REQUIREMENT
Further down are entries; set down exactly and only the lines from the one with "В квартире 2" up to and including the one with "Chicharrón prensado, lechuga, cebolla, crema, queso", dropping each picture.

DATA SUPPLIED
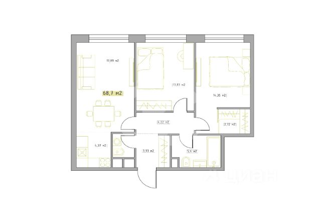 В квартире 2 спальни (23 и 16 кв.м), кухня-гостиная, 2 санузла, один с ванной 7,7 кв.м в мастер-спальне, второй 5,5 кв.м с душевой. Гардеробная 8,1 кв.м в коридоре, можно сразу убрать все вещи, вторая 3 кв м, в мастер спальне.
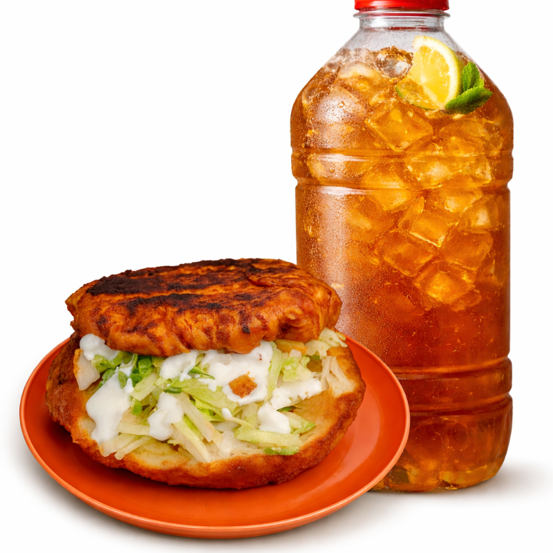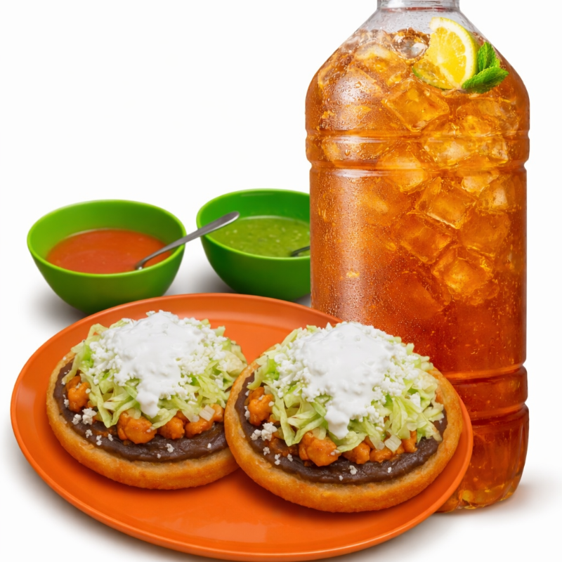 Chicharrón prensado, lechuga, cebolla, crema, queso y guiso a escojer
---
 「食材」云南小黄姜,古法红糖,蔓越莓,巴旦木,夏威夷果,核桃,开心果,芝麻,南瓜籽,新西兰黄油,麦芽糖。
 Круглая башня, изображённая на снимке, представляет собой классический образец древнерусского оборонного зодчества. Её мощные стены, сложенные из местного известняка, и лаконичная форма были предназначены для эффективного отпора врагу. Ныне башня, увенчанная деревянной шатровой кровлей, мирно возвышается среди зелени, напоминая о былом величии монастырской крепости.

COMPLETED TASK
 В квартире 2 спальни (23 и 16 кв.м), кухня-гостиная, 2 санузла, один с ванной 7,7 кв.м в мастер-спальне, второй 5,5 кв.м с душевой. Гардеробная 8,1 кв.м в коридоре, можно сразу убрать все вещи, вторая 3 кв м, в мастер спальне.
 Chicharrón prensado, lechuga, cebolla, crema, queso y guiso a escojer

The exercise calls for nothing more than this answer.